I recently scanned this old photo into my computer and really LOOKED at it.  As I did, I looked down and realized -- I have my Mother's hands.  My fingers do not yet bend with the arthritis that twisted her little fingers, but my hands are hers.  My fingers are short and made for function and not beauty.  They serve me daily - - as a tool with which I earn a living. They work to create things of beauty that I joyfully give as gifts of the heart.  I have my Mother's hands  . . . . I hope she is proud of how I use them.

This year is apparently the 100th anniversary of the first Mother's Day.  It is also the 7th anniversary of my first Mother's Day without my Mom in this world.  Don't get me wrong.  I KNOW she is still beside me and that she watches my child grow into a young woman with glee, joy and pride.  But, damn, I miss her voice and her calm counsel.  In the 45 years I was blessed to have my Mother, I think I only saw her 'lose it' a handful of times.

The first was well-deserved and aimed at me.  I was in kindergarten and a bit more adventurous than most 5 year olds.  It seems that I decided to go to a friend's house after kindergarten ended for the day.  A friend's house that was across a large field from our house.  A friend's house I had never been to before.  It was like one of the Bad Idea Bears was whispering in my ear.  So I merrily toddled off to my friends house with her.  Now, I guess I should explain that in 1967 we walked to and from kindergarten by ourselves.  Really.  We did.  It was a small town with minimal traffic and the school was only 3 or so blocks from my house.  The Bad Idea part of this adventure was I had NOT asked my Mom before hand.  I just did not go home.  After a while Mrs.

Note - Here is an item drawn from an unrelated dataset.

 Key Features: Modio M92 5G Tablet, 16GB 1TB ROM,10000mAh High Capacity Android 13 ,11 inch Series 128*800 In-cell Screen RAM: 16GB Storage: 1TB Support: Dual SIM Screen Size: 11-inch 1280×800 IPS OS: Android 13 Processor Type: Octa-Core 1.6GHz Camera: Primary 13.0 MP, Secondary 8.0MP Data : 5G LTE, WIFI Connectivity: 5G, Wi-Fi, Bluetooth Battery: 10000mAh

A. figured out that I was AWOL from home and called my Mom.  During that time, my Mom had been calling all the 'usual' suspects -- my Grandma, my regular friends.  No luck.  She also was enduring one of her '3-day' headaches, which I now realize were likely hormone induced migraines (I've experienced one or two myself).  She walked across the field to get me from my friend's house and took me home.   I had never seen her angry before.  I've been told I received my one and only spanking that day, but I don't remember.

The next time I saw her temper flare was after my Grandmother's death and it involved her siblings.  Really, enough said there.

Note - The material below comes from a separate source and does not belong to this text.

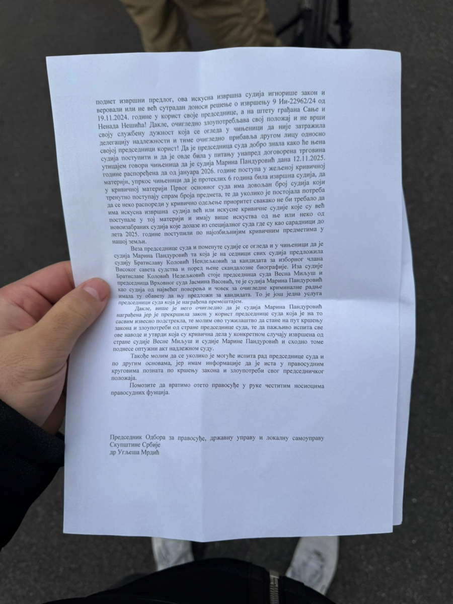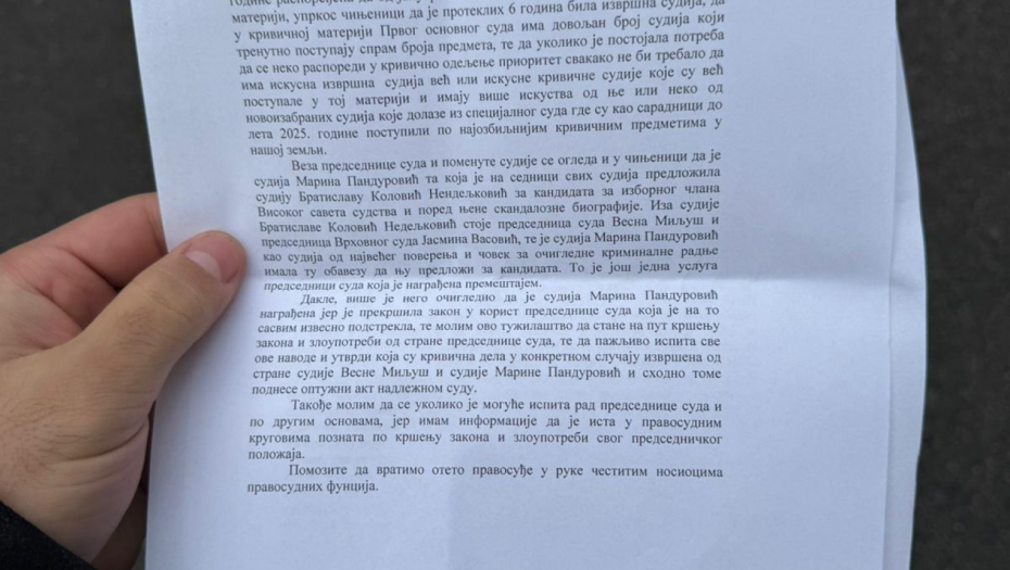 On je zamolio da se ispita rad predsednice Prvog osnovnog suda.

The last time I recall seeing her blow her stack was when I was in my early 20s and had been unceremoniously dumped by a boyfriend.  She used words I did not even know she knew.  In fact, I think she offered to do grevious bodily harm to him [if he's reading this he can thank me for convincing my Mom if she killed a COP, she would go to jail].  She calmed down and instead of going after the man involved, she sent me off to California to my Aunt's to recover.

So, when I say, my Mom was calm . . .she truly was.  Through the many adventures me and my siblings sent her way - - including marriages and divorces, babies and infertility, broken hearts and broken spirits, addictions and recoveries -- we pretty much covered it all. She had the gift of letting us vent and then quietly directing us toward our own answers -- which we pretty much figured out on our own.  She was the 'invisible hand' in our lives.

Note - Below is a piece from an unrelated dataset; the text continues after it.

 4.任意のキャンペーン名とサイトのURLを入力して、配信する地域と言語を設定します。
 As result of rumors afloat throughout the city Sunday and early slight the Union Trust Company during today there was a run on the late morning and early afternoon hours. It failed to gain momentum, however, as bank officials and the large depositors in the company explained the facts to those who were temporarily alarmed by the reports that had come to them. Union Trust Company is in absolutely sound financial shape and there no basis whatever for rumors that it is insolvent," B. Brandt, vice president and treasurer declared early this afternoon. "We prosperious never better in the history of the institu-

She left this world just as my life fell to pieces.  So it goes, I guess. I suddenly became the ADULT.  As painful as it was, it was necessary.  I know that.  But sometimes the loss, the pain . ..  it crawls to the surface and I sob and cry and rail against the Universe that sent these life lessons my way.  I guess that is just the way it is.

This year has been hard. . . I'm not sure why, but it has.  It began when I found myself standing in front of card display at Chapters with tears running down my face.  My sorrow at my loss has been just under the surface all week.  I know it is MY loss -- my Mother is free and is beside me.  She was beside me today when my beautiful daughter -- who reminds me more and more of my Mom every day -- bared her soul at the City poetry slam competition bringing not only me, but much of the audience to tears.  She was there watching my child celebrate with her team members -- holding up the grand prize trophy -- a troupe of amazing young almost-adults who spoke without fear and with passion.  My Mom smiled with me as I watched my child take another step toward adulthood.

Tomorrow is Mothers' Day -- the 100th one -- but for me TODAY was Mother's Day -- I watched as my child took another step toward the Woman she will become.  Thanks Mom -- for showing me how to do it.




Monday, April 14, 2014

Down a Rabbit Hole

Every so often the chronic pain condition I have lived with since my early twenties likes to sneak up on me and whack me on the head . . . and the back . . . and the feet . . . and the elbows . . . and the knees . . . you get the picture.  Because I have around 30 years' experience with this particular demon, I have built into my life escape ramps that allow me to pull over to the side of the road and weather the flare ups with minimal damage to my life.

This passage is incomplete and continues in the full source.